In addition, as a variety of semantic images can be generated for one input data by solving the problem of the prior art that lowers diversity of generated semantic images due to a mode collapse phenomenon, there is an effect of securing diversity of resulting products.

In addition, as a diffusion process of proceeding learning while adding noise even to a condition image frame corresponding to an input condition is performed, there is an effect in that an image generation model may accept input conditions more effectively and generate a variety of high-quality semantic images even for image frames encountered for the first time.

The effects of the present invention are not limited to the effects mentioned above, and other unmentioned effects will be clearly understood by those skilled in the art from the following description.

BRIEF DESCRIPTION OF THE DRAWINGS

FIG. 1 is a view showing the overall configuration of a semantic image generation apparatus using condition image diffusion according to a first embodiment of the present invention.

FIG. 2 is a flowchart illustrating representative steps of a semantic image generation method using condition image diffusion according to a second embodiment of the present invention.

FIG. 3 is a flowchart specifying step S210 of training an image generation model in a semantic image generation method using condition image diffusion according to a second embodiment of the present invention.

FIG. 4 is a view exemplarily showing a mimetic view of a first noise addition method.

FIG. 5 is a view exemplarily showing a mimetic view of a second noise addition method.

FIG. 6 is a view exemplarily showing a mimetic view of a third noise addition method.

FIG. 7 is a view exemplarily showing a mimetic view of a fourth noise addition method (a case where σ is not 0).

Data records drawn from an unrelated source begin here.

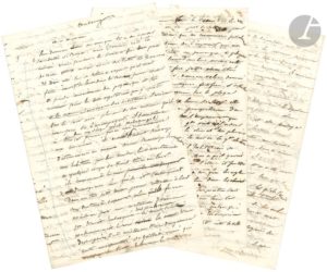 [NAPOLÉON Ier]. Jean-Marie BAZIN (1815- ?) enseigne de vaisseau sur la Belle-Poule. L.A.S., Cherbourg [début décembre 1840], à sa mère ; 12 pages in-8. On joint 3 documents imprimés de l’époque sur le retour des cendres : chansons et éloge funèbre. Longue lettre, faisant le récit de son voyage à Sainte-Hélène pour aller chercher les cendres de Napoléon. Il raconte la halte à Bahia où le prince de Joinville a voulu faire une partie de chasse et a été attaqué, puis l’arrivée à Sainte-Hélène, la visite à Longwood : « Tout a été dégradé d’une manière honteuse pour la nation anglaise. Ils ont fait une mauvaise ferme d’une habitation qu’ils auraient dû bruler pour ensevelir dans les flammes une partie de leur ignominie. La chambre de l’empereur est devenue une écurie »… Puis c’est l’exhumation de Napoléon : « on a procédé à l’ouverture : et oh prodige étonnant après avoir ouvert les trois cercueils […] on trouvé l’empereur Napoléon lui-même, dans le même état qu’il y avait été déposé il y a vingt ans […] Tout donc était intact la figure les mains les vêtements car il était en gd uniforme ». Puis c’est l’embarquement et le retour jusqu’à Cherbourg… On joint 3 documents imprimés de l’époque sur le retour des cendres : chansons et éloge funèbre.
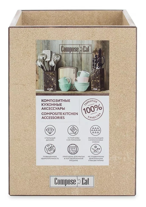 Подставка для кухонных принадлежностей ComposeEat Fashion PDG120433KL6 12х12х17 см, порфир кремовый
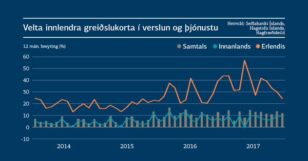 Samsetning veltunnar hefur haldið áfram að þróast innlendri verslun og þjónustu í óhag. Í nóvember var um 18,7% allra greiðslukortaviðskipta Íslendinga beint við erlenda aðila. Þessi viðskipti eru einkum kaup Íslendinga á vörum og þjónustu á ferðalögum erlendis og netverslun við erlenda aðila. Þetta hlutfall hefur hækkað nær stöðugt allt frá árinu 2014. Fyrstu ellefu mánuði ársins var hlutfallið 17,3% en var á sama tíma í fyrra 15,4%. Það sem af er þessu ári hefur ferðalögum Íslendinga út fyrir landssteinana fjölgað um 16% en aukning í erlendum sendingum hjá Íslandspósti nam um 60% fyrstu 11 mánuði ársins. Einkaneysla er í sögulegu hámarki og eykst nú hraðar en kaupmáttur launa en það bendir til þess að hún sé nú í meiri mæli knúin áfram af skuldsetningu og notkun sparifjár en síðustu misseri.
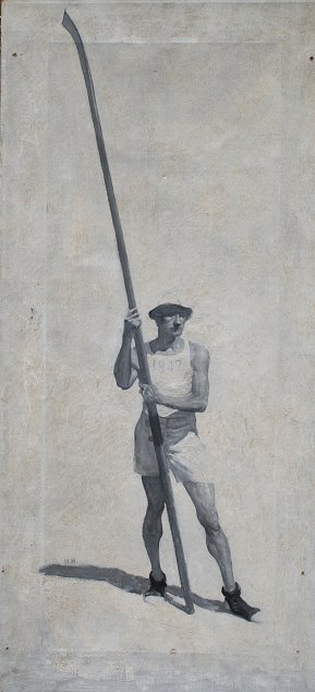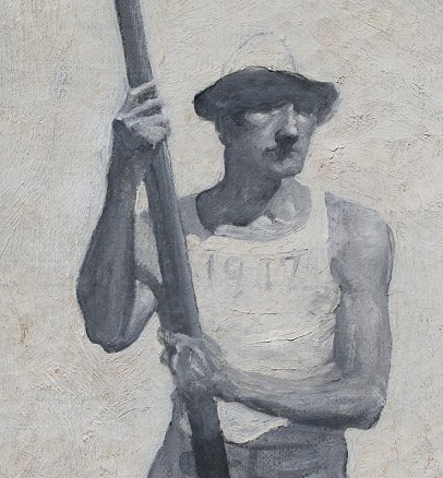 HOWLAND, Hawthorne, (American, 20th Century): ''The Man Who Makes the Beat'', illustration for Scribner's Magazine for article ''Rowing of American Universities'', published in 1916. 26'' x 12'' unframed, Scrib. label verso.

FIG. 8 is a view exemplarily showing a mimetic view of a fourth noise addition method (a case where σ is 0).

FIG. 9 is a view exemplarily showing a condition image frame, which is an input condition input into a diffusion model.

FIG. 10 is a view exemplarily showing a semantic image generated by inputting the condition image frame shown in FIG. 9 into an image generation model, together with the condition image frame.

FIG. 11 is a view exemplarily showing the structure of U-Net, which is a conventional image generation model.

FIG. 12 is a view exemplarily showing the structure of Y-Net, which is the structure of an image generation model proposed in the present invention.

BEST MODE FOR CARRYING OUT THE INVENTION

Details of the objects and technical configurations of the present invention and operational effects according thereto will be more clearly understood by the following detailed description based on the drawings attached in the specification of the present invention. Embodiments according to the present invention will be described in detail with reference to the accompanying drawings.

The embodiments disclosed in this specification should not be construed or used as limiting the scope of the present invention. For those skilled in the art, it is natural that the description including the embodiments of the present specification have a variety of applications. Accordingly, arbitrary embodiments described in the detailed description of the present invention are illustrative for better description of the present invention, and are not intended to limit the scope of the present invention to the embodiments.

The functional blocks shown in the drawings and described below are only examples of possible implementations. Other functional blocks may be used in other implementations without departing from the spirit and scope of the detailed description. In addition, although one or more functional blocks of the present invention are expressed as separate blocks, one or more of the functional blocks of the present invention may be combinations of various hardware and software configurations that perform the same function.

In addition, expressions including certain components are expressions of “open type” and only refer to existence of corresponding components, and should not be construed as excluding additional components.

Furthermore, when a certain component is referred to as being “connected” or “coupled” to another component, it may be directly connected or coupled to another component, but it should be understood that other components may exist in the middle.

Hereinafter, detailed embodiments of the present invention will be described with reference to the drawings.

FIG. 1 is a view showing the overall configuration of a semantic image generation apparatus 100 using condition image diffusion according to a first embodiment of the present invention.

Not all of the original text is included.